- **Required action**: Reproduce exactly only the lines from the line that holds "カラフルロゴプリーツジョガー" to the line that holds "- 📍 Konu: Anadolu", inclusive, in the listing below, and please leave out every picture.

- **Extracted data**:
──────
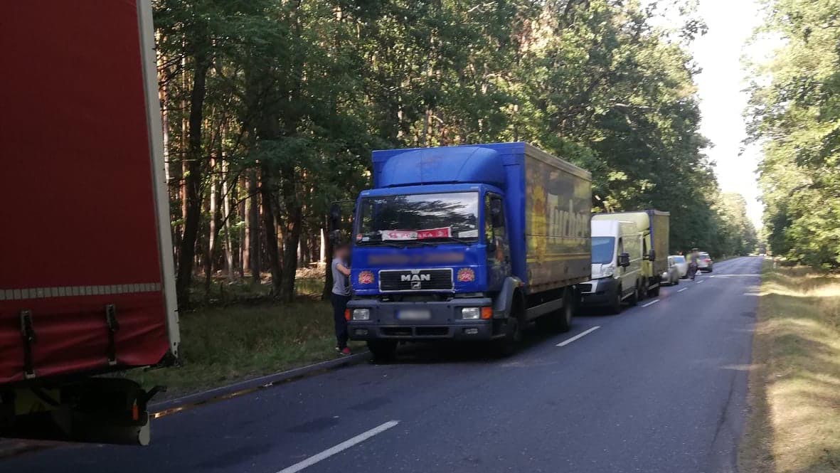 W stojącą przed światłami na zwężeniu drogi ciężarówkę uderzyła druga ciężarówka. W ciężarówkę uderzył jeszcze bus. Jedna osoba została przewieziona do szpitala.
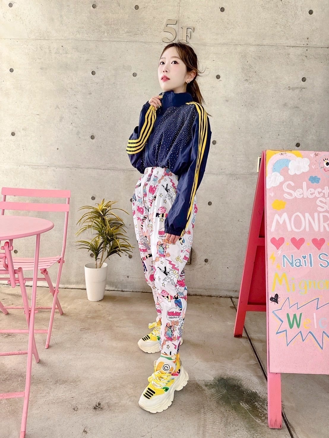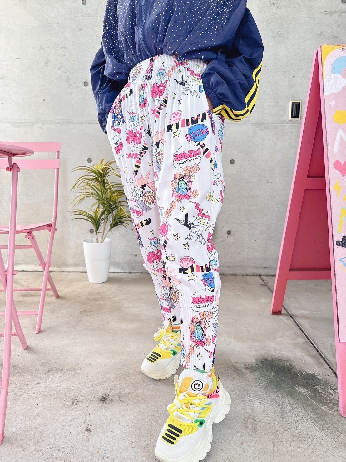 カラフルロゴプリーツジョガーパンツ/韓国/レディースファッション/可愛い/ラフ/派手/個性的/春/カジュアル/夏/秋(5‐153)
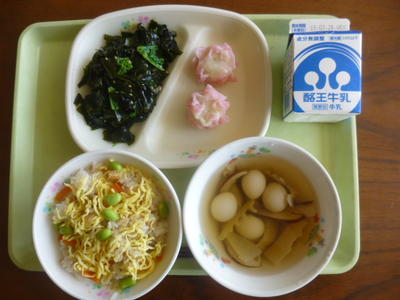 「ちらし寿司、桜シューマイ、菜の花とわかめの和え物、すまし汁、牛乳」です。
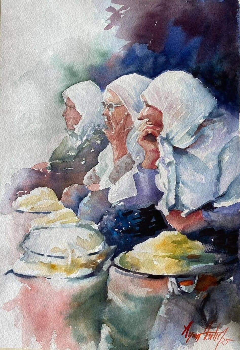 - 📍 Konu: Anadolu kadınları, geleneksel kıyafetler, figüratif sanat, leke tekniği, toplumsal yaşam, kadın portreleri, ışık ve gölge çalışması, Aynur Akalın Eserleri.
──────
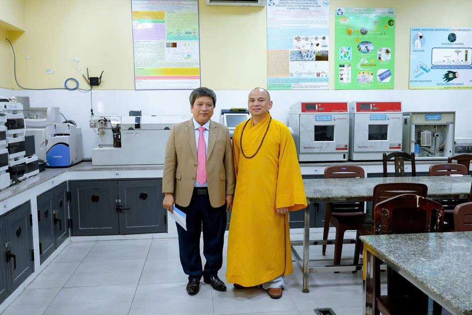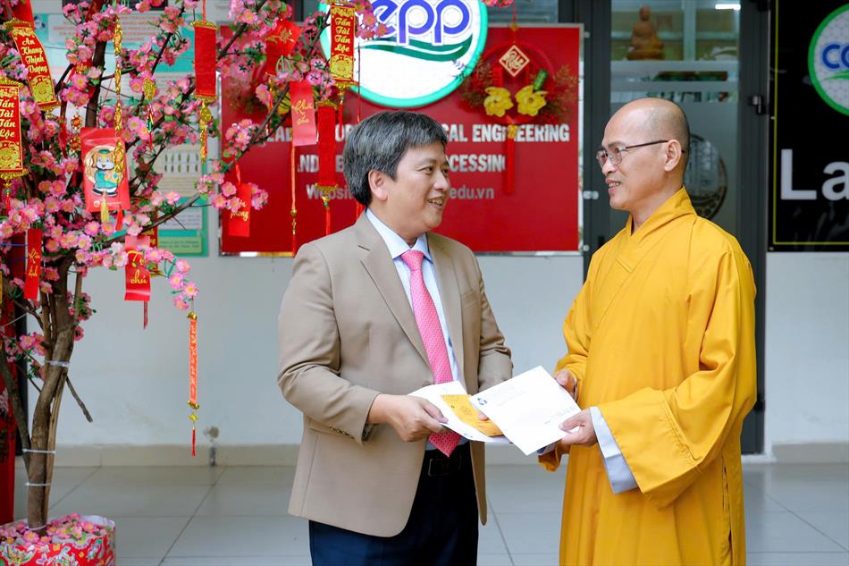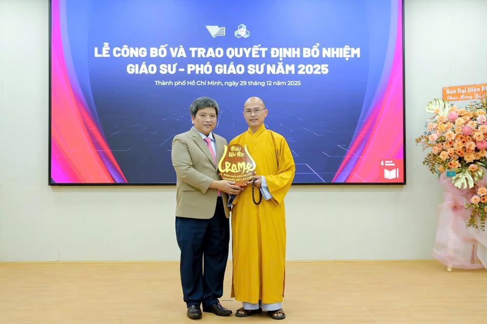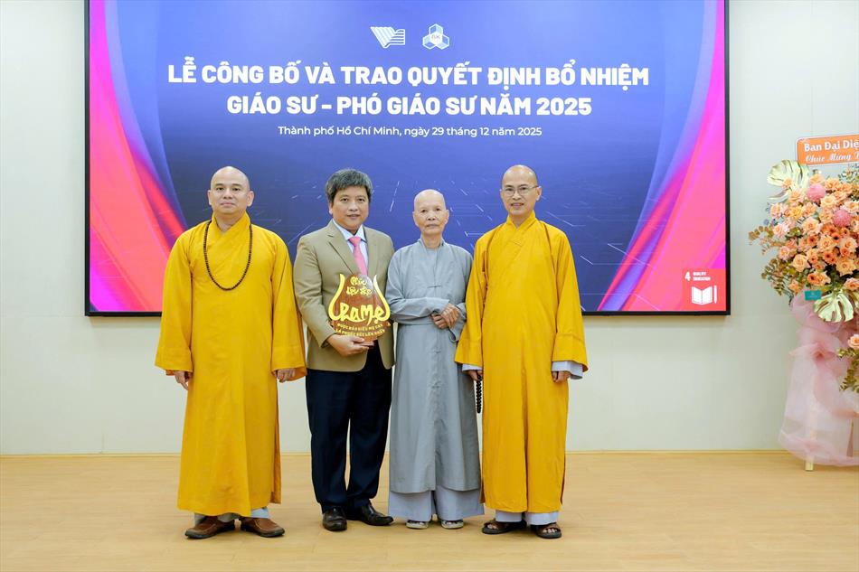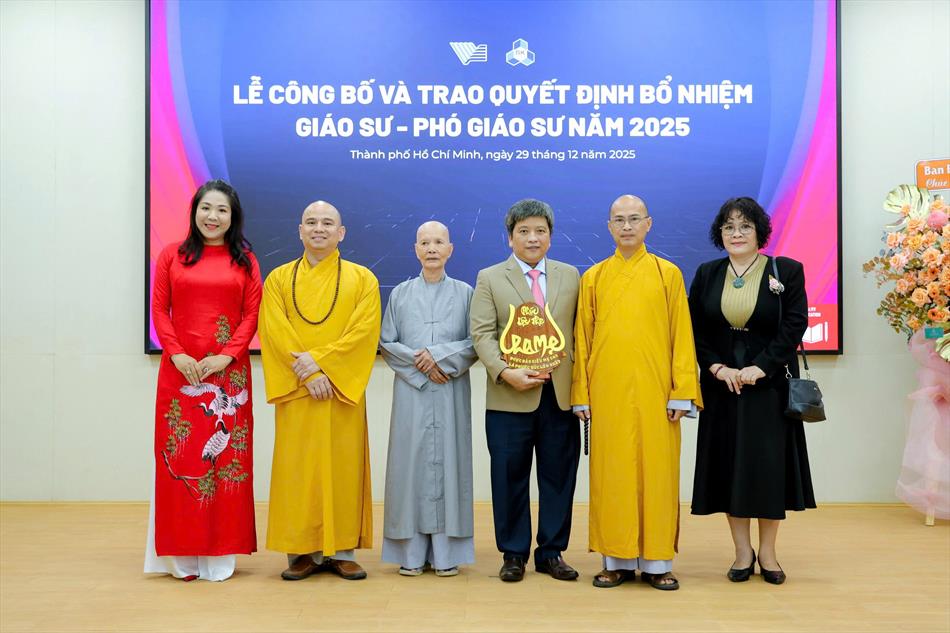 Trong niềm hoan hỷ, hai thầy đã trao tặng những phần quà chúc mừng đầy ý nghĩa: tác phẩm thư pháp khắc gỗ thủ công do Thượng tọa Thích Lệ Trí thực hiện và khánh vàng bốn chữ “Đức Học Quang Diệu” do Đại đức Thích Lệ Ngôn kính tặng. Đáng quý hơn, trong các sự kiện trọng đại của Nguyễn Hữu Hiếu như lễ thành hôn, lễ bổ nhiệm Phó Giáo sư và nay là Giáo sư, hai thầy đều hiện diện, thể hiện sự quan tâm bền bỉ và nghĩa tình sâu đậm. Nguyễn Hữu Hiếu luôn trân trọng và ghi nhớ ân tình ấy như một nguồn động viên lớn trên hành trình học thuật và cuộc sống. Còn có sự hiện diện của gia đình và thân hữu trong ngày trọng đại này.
──────
- **Exercise answer**:
 カラフルロゴプリーツジョガーパンツ/韓国/レディースファッション/可愛い/ラフ/派手/個性的/春/カジュアル/夏/秋(5‐153)
 「ちらし寿司、桜シューマイ、菜の花とわかめの和え物、すまし汁、牛乳」です。
 - 📍 Konu: Anadolu kadınları, geleneksel kıyafetler, figüratif sanat, leke tekniği, toplumsal yaşam, kadın portreleri, ışık ve gölge çalışması, Aynur Akalın Eserleri.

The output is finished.